It's been a really tough summer, I've gotta say. I was at my most hopeful - meeting amazing people, being involved in amazing projects, and moving full-steam ahead with my business.
Well, things can turn pretty quickly, and betrayal, jealously and professional envy seem to have conspired to take some of the sweetness out of my new-found career. But I've powered (ok, limped) through it, and I'm over it, done done done. I'm focused on my own business and my own creativity and making Lavish a success, following my heard and being the best Planner I can be for my clients, all of whom I love! And that realization - hard fought, I might add - has brought some peace my way... and new clients! Suddenly this week I have booked several consultations, which has re-kindled the spark, and my love for hard work.
The fam and I went on vacation last week - we were booked for 7 days in Fairmont but came home early. We just felt it was time to come home. I accomplished an amazing amount of work while I was there - while the kids and Ian were watching cartoons or whatever. I'll post some pics soon, we had an amazing time and I feel refreshed!
Cohen and Lili start school this Thursday. So early, I know! I can't believe my little Lili is starting Kindergarten, and Cohen is going to be in Grade 2! It's amazing how the time flies. Though I'm somewhat excited for them to be returning to school (no more "mom, I'm BORED!"), I admit to feeling very anxious about juggling 3 kids, a new job (read on), the business and all of the activities that the kids are typically involved in. Usually as September approaches I am super-excited and energetic and ready to go-go-go... not this year. This year I feel tired and somewhat depressed. Maybe it's because the weather was less than spectacular this summer, and now I feel the chill of another long winter approaching. I don't know. I don't know! The kids won't be involved in as many activities this year - possibly, anyways - so that will help. I am excited to see them back on the ice again, and hopefully I'll get used to being a taxi again :)
Luci is amazing... this age is so incredible, developmentally. She's standing on her own, and any day now she'll be walking. She is such a snuggly girl, unlike Cohen or Lili, which I love but is making it harder for me to face a full-time job. She is such a happy girl, and so smart! She says "thank you" whenever you give her something or even if you pick her up when she's sad. She says "hi", and "daddy" and "kitty" and "mama" and "oh oh" and "nose" and "eyes" and, of course, "NO!". I can't get enough of her. She's my little one, my sweet darling Luci!

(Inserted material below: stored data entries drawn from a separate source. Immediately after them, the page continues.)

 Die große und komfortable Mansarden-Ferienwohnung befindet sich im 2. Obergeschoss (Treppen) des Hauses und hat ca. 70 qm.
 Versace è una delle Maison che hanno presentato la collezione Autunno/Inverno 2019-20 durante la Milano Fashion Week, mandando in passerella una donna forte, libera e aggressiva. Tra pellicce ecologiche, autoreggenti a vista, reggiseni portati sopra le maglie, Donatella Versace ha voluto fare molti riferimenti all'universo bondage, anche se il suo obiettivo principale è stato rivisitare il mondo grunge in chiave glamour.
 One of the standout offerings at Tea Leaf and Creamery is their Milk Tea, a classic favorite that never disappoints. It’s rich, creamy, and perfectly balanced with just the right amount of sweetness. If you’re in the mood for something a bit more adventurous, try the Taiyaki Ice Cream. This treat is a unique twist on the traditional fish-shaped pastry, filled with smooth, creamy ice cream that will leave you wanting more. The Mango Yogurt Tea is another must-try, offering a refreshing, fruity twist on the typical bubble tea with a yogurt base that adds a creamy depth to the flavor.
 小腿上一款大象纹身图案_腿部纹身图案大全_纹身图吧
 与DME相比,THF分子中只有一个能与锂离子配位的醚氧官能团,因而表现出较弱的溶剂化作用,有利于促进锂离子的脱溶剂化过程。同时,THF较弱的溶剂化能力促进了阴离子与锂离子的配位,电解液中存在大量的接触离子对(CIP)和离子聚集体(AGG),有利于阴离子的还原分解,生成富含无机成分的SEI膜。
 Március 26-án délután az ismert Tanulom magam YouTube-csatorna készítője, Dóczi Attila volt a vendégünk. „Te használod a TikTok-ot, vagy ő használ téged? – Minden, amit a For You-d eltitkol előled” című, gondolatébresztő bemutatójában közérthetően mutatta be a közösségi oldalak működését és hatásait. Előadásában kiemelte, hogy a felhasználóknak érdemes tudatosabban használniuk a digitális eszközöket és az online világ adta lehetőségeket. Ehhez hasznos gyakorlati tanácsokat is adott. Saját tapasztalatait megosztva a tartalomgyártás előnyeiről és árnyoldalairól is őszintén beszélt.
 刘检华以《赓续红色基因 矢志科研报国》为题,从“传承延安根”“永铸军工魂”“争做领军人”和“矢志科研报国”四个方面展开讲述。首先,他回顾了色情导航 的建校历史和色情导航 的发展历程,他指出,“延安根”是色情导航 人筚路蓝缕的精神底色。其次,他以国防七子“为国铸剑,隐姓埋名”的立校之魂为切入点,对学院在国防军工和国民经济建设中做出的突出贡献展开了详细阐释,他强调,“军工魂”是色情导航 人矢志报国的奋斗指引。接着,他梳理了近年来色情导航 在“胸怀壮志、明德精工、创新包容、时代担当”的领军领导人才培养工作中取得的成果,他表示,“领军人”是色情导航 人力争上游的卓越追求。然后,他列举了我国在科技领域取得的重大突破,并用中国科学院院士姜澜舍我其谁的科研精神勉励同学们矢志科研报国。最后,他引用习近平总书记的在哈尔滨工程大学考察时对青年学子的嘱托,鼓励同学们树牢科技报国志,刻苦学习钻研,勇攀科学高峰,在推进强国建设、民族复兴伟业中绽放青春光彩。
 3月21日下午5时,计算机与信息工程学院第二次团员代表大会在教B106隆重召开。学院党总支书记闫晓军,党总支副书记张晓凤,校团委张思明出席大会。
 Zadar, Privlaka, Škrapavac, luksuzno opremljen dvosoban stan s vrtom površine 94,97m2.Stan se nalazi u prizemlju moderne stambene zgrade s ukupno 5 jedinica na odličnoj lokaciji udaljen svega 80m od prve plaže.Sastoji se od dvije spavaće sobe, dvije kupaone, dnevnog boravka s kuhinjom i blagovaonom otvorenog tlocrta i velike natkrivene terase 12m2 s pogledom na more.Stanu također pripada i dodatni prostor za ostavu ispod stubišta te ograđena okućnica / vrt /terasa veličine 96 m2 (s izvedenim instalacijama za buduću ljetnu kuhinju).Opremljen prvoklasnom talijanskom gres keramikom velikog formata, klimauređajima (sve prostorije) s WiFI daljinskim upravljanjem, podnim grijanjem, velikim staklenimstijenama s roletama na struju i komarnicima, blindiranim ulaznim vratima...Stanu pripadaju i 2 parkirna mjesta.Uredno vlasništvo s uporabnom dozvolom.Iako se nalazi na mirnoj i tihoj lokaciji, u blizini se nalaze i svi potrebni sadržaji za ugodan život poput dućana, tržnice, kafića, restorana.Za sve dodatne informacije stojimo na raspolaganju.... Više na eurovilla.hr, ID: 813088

What else. Oh, the job. I am no longer at Mt. Royal, which is a good thing. Truth be told, I hated that job. The people were great, but I am in no way meant to sit in a cubicle at a desk all day entering codes and grades. I never had to make a single decision, everything was done by the book and there was no need, ever, to think. I used to fall asleep sitting up, hands on the keyboard... I can't handle being braindead like that. So I'm glad. AND, the new position I have (starting tomorrow!!!) is so the opposite! I have been hired as the General Manager of the Calgary Boys Choir. I am extraordinarily excited - it's a big step up, and in the arts, which is where I've always wanted to be. Lots of responsibility and it will be a big learning curve, but I know it's exactly where I should be. The hours are flexible, the pay is decent, I get to be surrounded by music and kids. The group is internationally known, and tour frequently. As it stands, I start tomorrow, and head out to the Banff Centre for a workshop with the kids already next week.
Through all the trials of this summer... I just keep believing that everything happens for a reason, and that there are lessons to be learned in each challenge that I face. I am blessed with the most amazing, sweet children and a husband that is still working to make me smile every day. I have amazing friends, amazing family, and a roof over my head and now a job that I know I will love.
Life is good... with all of the good things, I'm sure I can handle being a taxi driver on top of it all, LOL!